EXERCISE BRIEF | Below are some entries. Repeat exactly the lines from the one with "Trong chuyến sang" through the one with "I’m hoping that", and only those.

AVAILABLE DATA |

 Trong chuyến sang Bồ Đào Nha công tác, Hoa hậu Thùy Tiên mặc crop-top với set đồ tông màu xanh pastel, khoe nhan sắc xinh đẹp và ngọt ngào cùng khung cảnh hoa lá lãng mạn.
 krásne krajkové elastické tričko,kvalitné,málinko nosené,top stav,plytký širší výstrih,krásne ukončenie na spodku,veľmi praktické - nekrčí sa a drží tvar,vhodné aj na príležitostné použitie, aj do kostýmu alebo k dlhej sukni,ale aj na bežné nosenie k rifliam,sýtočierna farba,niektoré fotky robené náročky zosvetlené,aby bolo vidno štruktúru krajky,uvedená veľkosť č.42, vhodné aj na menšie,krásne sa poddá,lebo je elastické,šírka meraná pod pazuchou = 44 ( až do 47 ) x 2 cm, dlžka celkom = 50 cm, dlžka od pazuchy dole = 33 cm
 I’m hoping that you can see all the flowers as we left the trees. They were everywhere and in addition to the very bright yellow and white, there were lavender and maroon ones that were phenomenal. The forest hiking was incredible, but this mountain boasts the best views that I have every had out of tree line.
...
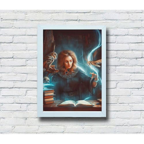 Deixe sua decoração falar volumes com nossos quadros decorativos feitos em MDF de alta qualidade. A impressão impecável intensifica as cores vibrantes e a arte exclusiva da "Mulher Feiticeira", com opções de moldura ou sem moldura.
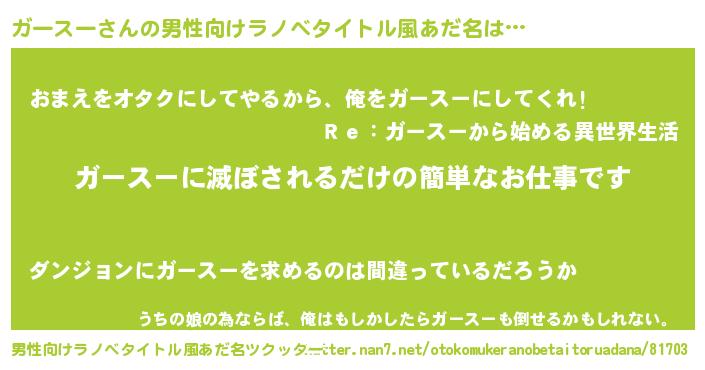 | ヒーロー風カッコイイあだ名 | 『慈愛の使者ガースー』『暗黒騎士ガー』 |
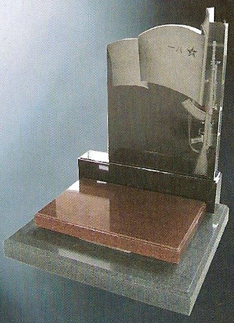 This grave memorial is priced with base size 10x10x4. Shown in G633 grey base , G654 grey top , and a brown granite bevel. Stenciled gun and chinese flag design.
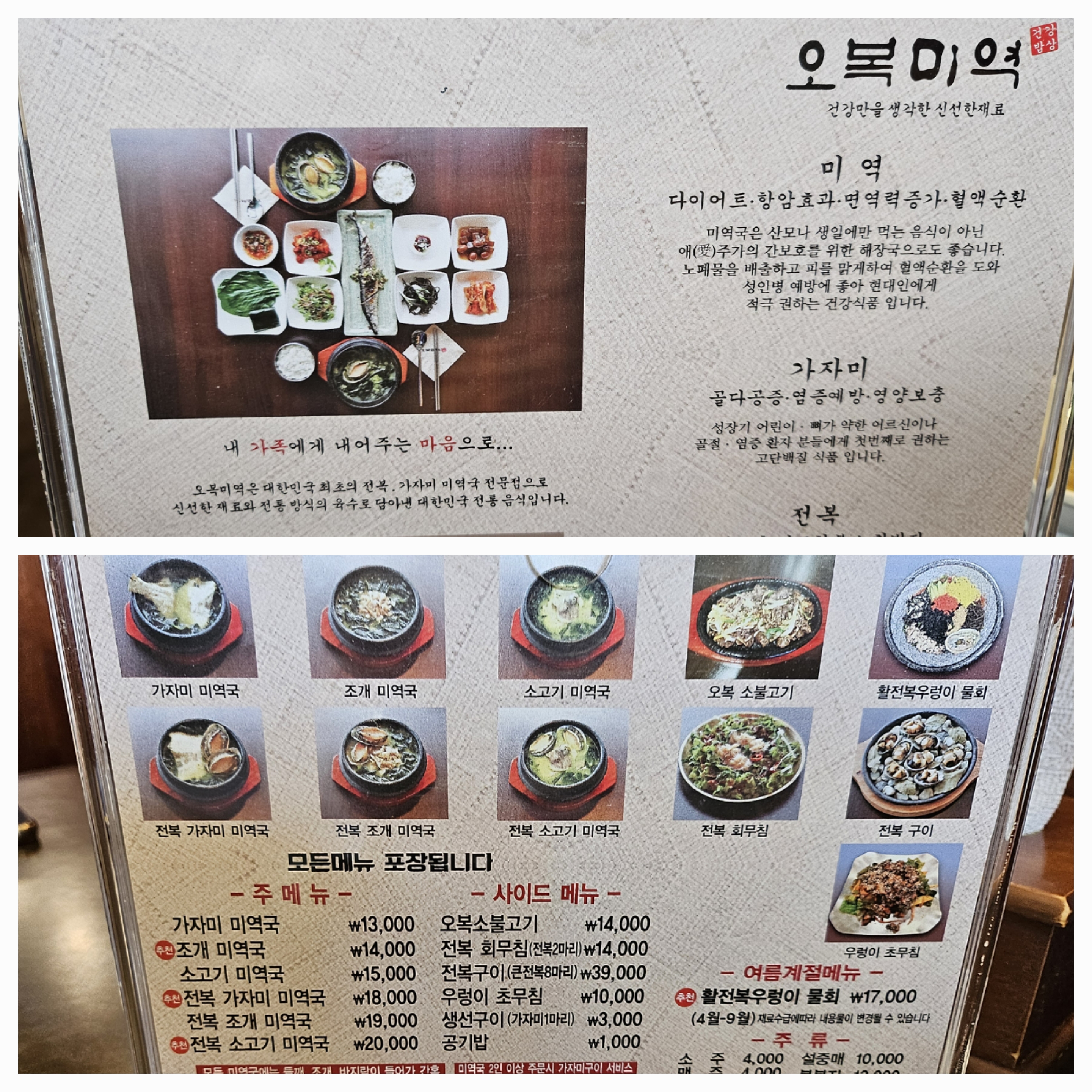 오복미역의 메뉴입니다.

RESULT FOR THIS EXERCISE |
 Trong chuyến sang Bồ Đào Nha công tác, Hoa hậu Thùy Tiên mặc crop-top với set đồ tông màu xanh pastel, khoe nhan sắc xinh đẹp và ngọt ngào cùng khung cảnh hoa lá lãng mạn.
 krásne krajkové elastické tričko,kvalitné,málinko nosené,top stav,plytký širší výstrih,krásne ukončenie na spodku,veľmi praktické - nekrčí sa a drží tvar,vhodné aj na príležitostné použitie, aj do kostýmu alebo k dlhej sukni,ale aj na bežné nosenie k rifliam,sýtočierna farba,niektoré fotky robené náročky zosvetlené,aby bolo vidno štruktúru krajky,uvedená veľkosť č.42, vhodné aj na menšie,krásne sa poddá,lebo je elastické,šírka meraná pod pazuchou = 44 ( až do 47 ) x 2 cm, dlžka celkom = 50 cm, dlžka od pazuchy dole = 33 cm
 I’m hoping that you can see all the flowers as we left the trees. They were everywhere and in addition to the very bright yellow and white, there were lavender and maroon ones that were phenomenal. The forest hiking was incredible, but this mountain boasts the best views that I have every had out of tree line.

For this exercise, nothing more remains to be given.